Sienna broke the silence first and asked Jasper, ‘Why on earth would you swear an oath with Cain and pledge loyalty to Skylar, choosing her as your queen against your own sister when you had never even met her? Do you know how utterly insane that sounds?’
Jasper laughed at the absurdity of hearing what he had done out loud before he levelled me with a stare. ‘Cain told me about you. I had never, in all my years, heard him speak about anyone the way he spoke about you. I was the only one he told when he found you in the forest that first time. Every hunting trip after that, he would tell me, or rather write to me, about you. He admired you, and very quickly, you won his loyalty and trust. Cain has never been someone to easily delve out his respect to anyone, but he respected you. I remember sitting there, hearing all those stories about you and thinking about how jealous I was. How I wanted to know you the way he did, because I had never met anyone like what he described. Once you chose him to be on your council, despite tradition and every person telling you not to, I knew he was always right about you.

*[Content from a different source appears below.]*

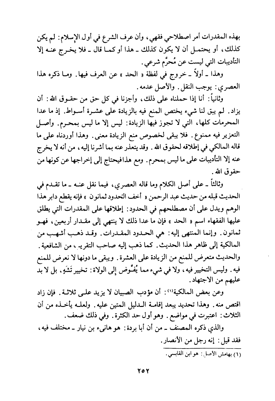 وَثَالِثًا - عَلَى أَصْلِ الْكَلَامِ وَمَا قَالَهُ الْعَصْرِيُّ، فِيمَا نُقِلَ عَنْهُ - مَا تَقَدَّمَ فِي الْحَدِيثِ قَبْلَهُ مِنْ حَدِيثِ عَبْدِ الرَّحْمَنِ " أَخَفُّ الْحُدُودِ ثَمَانُونَ " فَإِنَّهُ يَقْطَعُ دَابِرَ هَذَا الْوَهْمِ وَيَدُلُّ عَلَى أَنَّ مُصْطَلَحَهُمْ فِي الْحُدُودِ: إطْلَاقُهَا عَلَى الْمُقَدَّرَاتِ الَّتِي يُطْلِقُ عَلَيْهَا الْفُقَهَاءُ اسْمَ " الْحَدِّ " فَإِنَّ مَا عَدَا ذَلِكَ لَا يَنْتَهِي إلَى مِقْدَارِ أَرْبَعِينَ، فَهُوَ ثَمَانُونَ وَإِنَّمَا الْمُنْتَهَى إلَيْهِ: هِيَ الْحُدُودُ الْمُقَدَّرَاتُ، وَقَدْ ذَهَبَ أَشْهَبُ مِنْ الْمَالِكِيَّةِ إلَى ظَاهِرِ هَذَا الْحَدِيث كَمَا ذَهَبَ إلَيْهِ صَاحِبُ التَّقْرِيبِ مِنْ الشَّافِعِيَّةِ. وَالْحَدِيثُ مُتَعَرِّضٌ لِلْمَنْعِ مِنْ الزِّيَادَةِ عَلَى الْعَشَرَةِ، وَيَبْقَى مَا دُونَهَا لَا تَعَرُّضَ لِلْمَنْعِ فِيهِ وَلَيْسَ التَّخْيِيرُ فِيهِ، وَلَا فِي شَيْءٍ مِمَّا يُفَوَّضُ إلَى الْوُلَاةِ: تَخْيِيرُ تَشَهٍّ، بَلْ لَا بُدَّ عَلَيْهِمْ مِنْ الِاجْتِهَادِ.

‘It was a move I had never seen another leader take, a decision my sister never would. I had always been disillusioned by my people and their way of life; I couldn’t stand what they did to Cain and the others. When Cain came to me with a plan to help the outcasts, and that the idea had been yours of all people… I decided then that I would help him and, in turn, help you. Although Cain and I trusted each other and were brothers in every sense of the word except for blood, his loyalty and trust with you were paramount, so he would not let me be a part of anything unless I swore the oath,’ he said, holding his hand up and looking at the black ring mark around his little finger.
This oath was different to a blood binding.
‘What were the exact words of the oath you swore, Jasper?’ I asked.
‘I, Jasper Evergreen of the Forest Fae clan, do hereby swear this oath to Cain Ashenbrook. I swear that from this day onwards, Queen Skylar Azdaja of Maureia is whom I will serve. Every action I take will be in service to her and her goals. I will obey all commands and requests that come from her. Should I fail in this, I will forfeit my life to Cain Ashenbrook to carry out the Rite of No Return. My loyalty from this day onwards is to my true Queen and those that serve her, no one else.’ He repeated it as if in a trance, a slight smile on his lips.
‘What is “the Rite of No Return”?’ I asked.
‘The Rite of No Return is worse than death to the Forest Fae. Our gifts are contained within our blood. For me in particular, as I come from old blood, I have more gifts than most. I, like my sister, can control plant life, but I can also control the earth from which it grows. And the rocks it grows between. I can also control certain smaller creatures—nothing larger than a small wolf. The Rite of No Return would require Cain to hang me upside down from a tree and drain my blood until every last drop of the old blood, which contains my gifts, has left me, as he replaces it with that of an animal. I would survive, but I would be a hollowed-out husk, never truly living. Empty. Lost.Alone. It has only ever been done once before, three hundred years ago.’
I had never heard of something so disgusting yet poetic; it made my skin crawl, but a small, sinister part of me was pleased he had chosen this path for me and Cain and the loyalty it displayed. I couldn’t fathom putting myself at risk for anyone, let alone for someone I had never met. Maybe he had lost his sanity living in the woods all this time.
‘I’m not who you or Cain seem to think I am. You will be disappointed and come to regret that oath,’ I said bitterly.
‘It is mine alone to regret, should that day ever come,’ he said, grinning and biting through some of the cured meat. ‘Anyway, where are we going from here? When can I see Cain? He’s probably worried about me after I went dark.’